Protesters debate healthcare reform Thursday outside the U.S. Supreme… (Kris Connor, Getty Images )
The Supreme Court's lengthy decision upholding healthcare reform contains enough intricate twists and turns to fuel reams of law review analyses. But the majority opinion by Chief Justice John Roberts upholding the law's core provision, the mandate that individuals pay a tax if they lack a health policy, should clear away one major obstacle to public acceptance of the reform: doubt about its constitutionality.
There's still a lot of hard work to be done to communicate the benefits of the 2010 law, as well as how much still needs to be done to make the American way of healthcare less dysfunctional.
The core dysfunction addressed by the healthcare reform act is that tens of millions of Americans couldn't or wouldn't buy health insurance but could access the nation's healthcare system anyway. They did so less efficiently or effectively than if they had owned coverage, and by passing on their expenses to government and those who pay insurance premiums.

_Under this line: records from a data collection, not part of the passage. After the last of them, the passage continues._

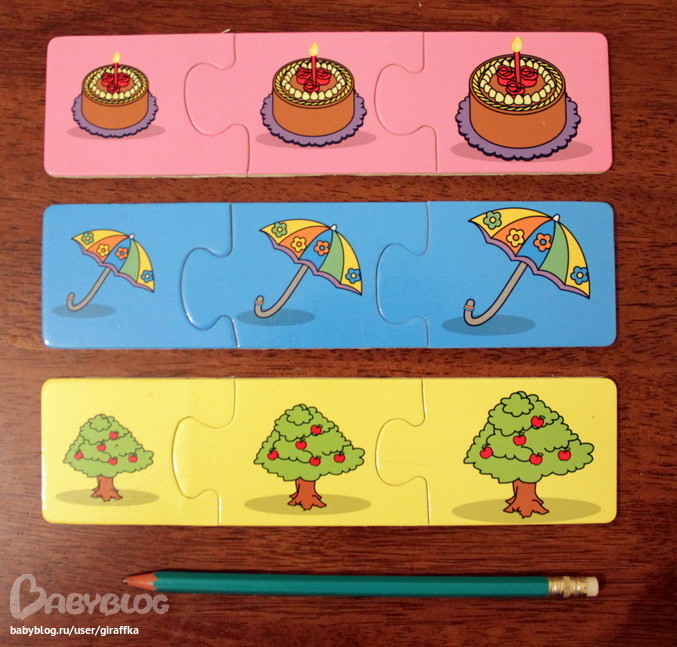 Пазлы на деревянной основе, не супер аккуратные (попадаются заусенцы), но, вроде, не цеплючие. В ручке держать удобно, соединяются очень хорошо. Крепкие, долговечные. Соединения в разных цепочках разные, т.е. дерево с зонтиком, например, соединить не получится. Цепочек много, я обычно выдаю примерно треть, чтобы внимание не рассеивалось. Здорово отрабатываются понятия "большой - средний - маленький", "самый большой - самый маленький", "больше - меньше". Плюс тренировка мелкой моторики.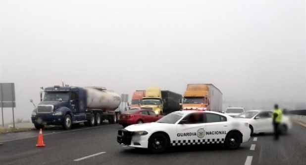 Autoridades de Guardia Nacional y de Grupo Jaguares de Protección Civil cerraron por bancos de niebla y pavimento mojado la Autopista a Saltillo, en Santa Catarina.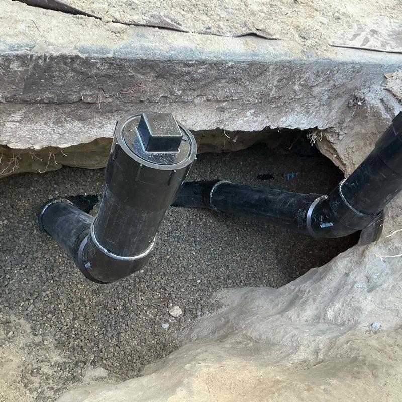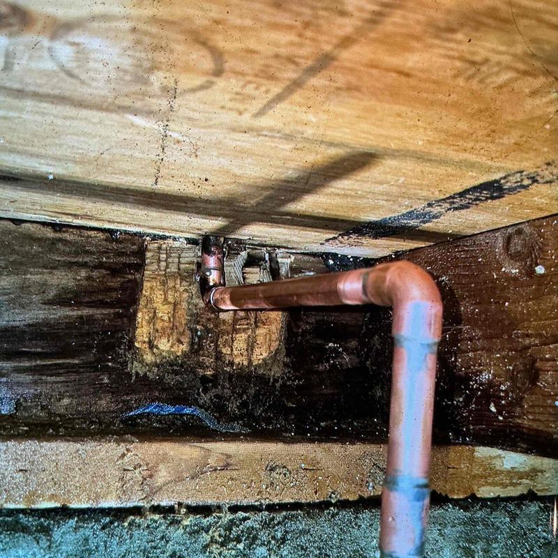 R and R Plumbing repaired a leaking water line in a crawl space in San Marcos, California. Technicians removed a damaged copper pipe section caused by a nail puncture. They installed a new pipe segment and pressurized the water system to confirm the leak was fixed.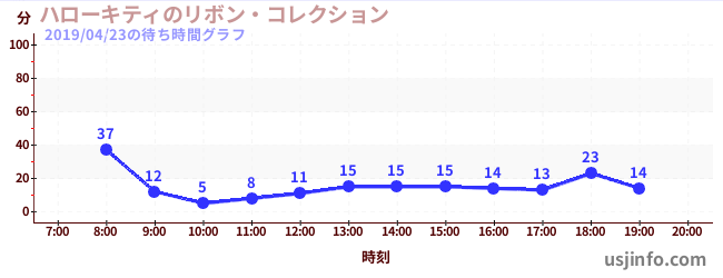 • ハローキティのリボン・コレクション$B$N(B2019年04月23日の待ち時間

Opponents of the law, and the conservative minority in Thursday's ruling, chose to treat those non-buyers as non-participants in the healthcare market who were being forced to buy a product they didn't want. But they're not exempt from that market — they just didn't pay for their care in advance, or ever.

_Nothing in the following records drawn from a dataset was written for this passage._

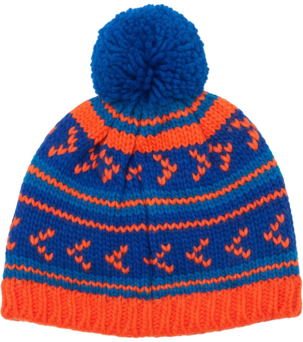 Hřejivá pletená zimní čepice s výrazným barevným vzorem, která zaujme na první pohled. Velká bambule na vrchu podtrhuje zimní styl a dodává čepici moderní nádech.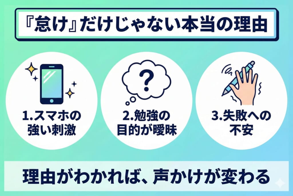 子どもが勉強に向かえない背景には、つまずきや不安、生活リズム、スマホなど環境要因が重なっていることがあります。意志の弱さだけで片づけられないケースも多いです。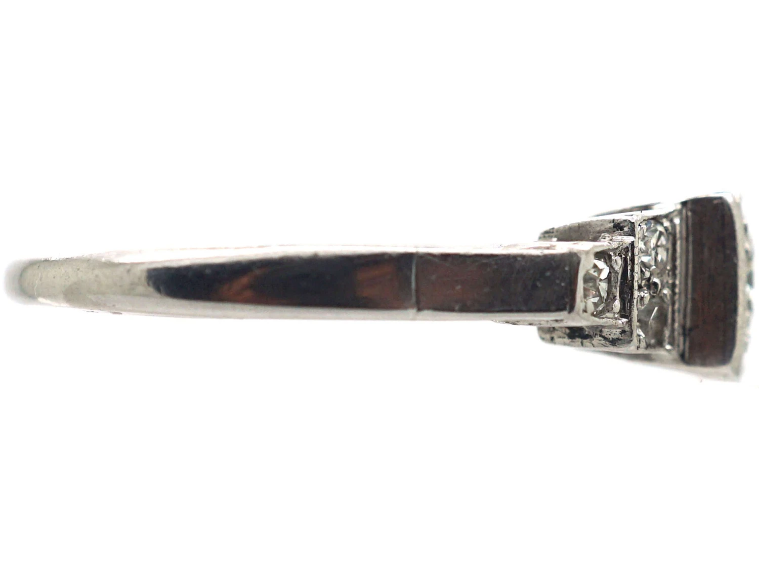 A good looking platinumDerives from the Spanish word ‘platina’ meaning ‘little silver’. Acknowledged since the 1900s, platinum’s durability and natural brightness has been and still is today highly treasured A metallic element prized for its rarity, whiteness, high tensile strength and insusceptibility to corrosion, platinum first became widely used in jewellery in the late ninete… ring that is typical of the Art DecoA movement within the arts between the two Great Wars (1920-1935) across Europe and the US, characterized by its clean, geometric designs. The aesthetic was intended to celebrate an age of progress and the modernity of the machine. period. It is a geometric design with a central diamondA precious, lustrous gemstone made of highly compressed carbon. Diamonds are one of the hardest materials known to mankind. Colours of diamonds range from colourless, yellow, orange and brown to almost black. Natural coloured (or ‘fancy’) diamonds can be extremely rare. The cut, colour, clarity and carat weight of a diamond are the criteria jewellers use… that has been set in a square setting, then there are step cutA step cut is a style of cutting a gemstone characterised by straight sides with parallel facets. Most often, step cut stones are square or rectangular. shouldersThe point on a ring where the central section meets the shank or band, often carved, decorated or inlaid with small diamond accent stones. set with small diamonds. It is a well balanced design and would make a perfect engagement ring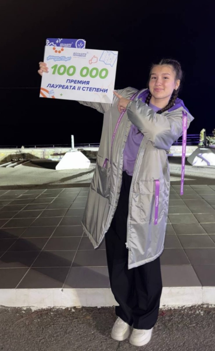 В знаменитом лагере «Артек», который находится в солнечном и тёплом российском Крыму, финишировал конкурс «Большая перемена». Одним из лауреатов всероссийского творческого состязания стала юная жительница Ишимбая Дарья Трамбукина. Девятиклассница школы № 3 была признана лауреатом второй степени. Дарье вручили сертификат на 100 тысяч рублей! В целом ребята из Башкирии достойно выступили в финале «Большой перемены». Среди восьми- и девятиклассников лауреатами первой степени стали двое, второй степени – 16 школьников. Среди десятиклассников лучшими также признаны двое учеников, а второе место заняли 13 ребят из Башкирии. Так что Дарья Трамбукина – в хорошей компании! Ранее «Восход» писал о том, кто подарит ишимбайским школьникам здоровую улыбку. Фото: Дарья Трамбукина

Indeed, government statistics cited by justice Ruth Bader Ginsburg in her separate opinion, concurring in part and dissenting in part from Roberts', show that 60% of those without insurance visit a doctor or hospital every year, and that 90% would do so within five years. There's no point pretending that anyone can avoid medical treatment indefinitely, Ginsburg added: "A healthy young person may be a day away from needing healthcare ... though scarcely expecting to do so."

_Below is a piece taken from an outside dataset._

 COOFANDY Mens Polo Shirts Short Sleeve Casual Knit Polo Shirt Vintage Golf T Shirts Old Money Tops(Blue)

The biggest obstacle to public acceptance of the reform law has been ignorance about what was in it. A Kaiser Family Foundation poll in March 2011 — a full year after enactment — found that 52% of Americans said they still didn't know enough about the law to judge its effects on them personally. The gap was filled in by political propaganda, with the result that by last month, polling by Kaiser showed that the public's view of the bill tilted unfavorable (44%) over favorable (37%). The remaining one-fifth didn't know or refused to answer.
How do we know that the negative opinion was swayed by propaganda? Simple: Polling also consistently found that solid majorities of voters favored individual provisions of the law, when they were asked about them in isolation. But when asked about the bill as a whole, they turned thumbs-down. One could envision encounters between pollsters and respondents like this:
"How do you feel about prohibiting insurance exclusions for preexisting conditions?"
"Reducing drug costs for seniors on Medicare?"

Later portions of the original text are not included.